CAPELSE VEER (III)

Oorlogsherinneringen van een Poolse veteraan Czeslaw Czubaj

Czeslaw CzubajOp ons verzoek heeft de schrijver, die diende bij de 1e Poolse Pantserdivisie en van omstreeks Kerstmis 1944 tot begin april 1945 zelf actief deelnam aan de gevechten om de Duitse bruggenhoofden bij het Capelse Veer, zijn belevenissen gedurende die periode voor onze lezers in het hieronder volgende artikel samengevat. Czeslaw Czubaj is geboren op 9 juli 1920 in Jaworze in Polen, waar hij nu weer woont. Na de lagere school volgde hij de Highschool (wij zouden zeggen het V.W.O.) in Biesko, maar toen zijn ouders in 1934 verhuisden naar Cieszyn, stapte hij over naar de Highschool aldaar, waar hij in 1938 het diploma verwierf. Op de Highschool in Biesko sloot hij vriendschap met Wt. Ktaptocz en op die in Cieszyn met St. Grudniewicz. Met beiden had hij een sterke binding, zoals ook uit zijn verhaal blijkt. Alle drie gingen zij de opleiding tot officier volgen aan het Militaire College in Cieszyn.

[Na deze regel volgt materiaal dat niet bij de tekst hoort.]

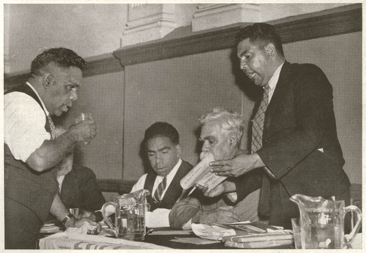 President Patten (right) reads resolution, "We, representing the ABORIGINES OF AUSTRALIA ... on the 150th Anniversary of the whitemen's seizure of our contry, HEREBY MAKE PROTEST against the callous treatment of our people ... AND WE APPEAL to the Australian Nation of to-day ... for FULL CITIZEN STATUS and EQUALITY WITHIN THE COMMUNITY". This image is part of the collections of the State Library of NSW and has been used with permission. The State Library’s Flickr Commons channel can be accessed via the following link

Toen in september 1939 de Duitse troepen Polen binnen vielen, namen zij deel aan de oorlog, maar in verschillende eenheden. Toen de Poolse legers moesten terugtrekken en uitwijken naar het buitenland werden zij in 1939 geïnterneerd, de schrijver zelf in Roemenië en zijn beide vrienden in Hongarije. Ieder afzonderlijk en op zijn eigen manier ontsnapten zij door Joegoslavië naar Frankrijk, de schrijver per boot vanuit Athene in Griekenland.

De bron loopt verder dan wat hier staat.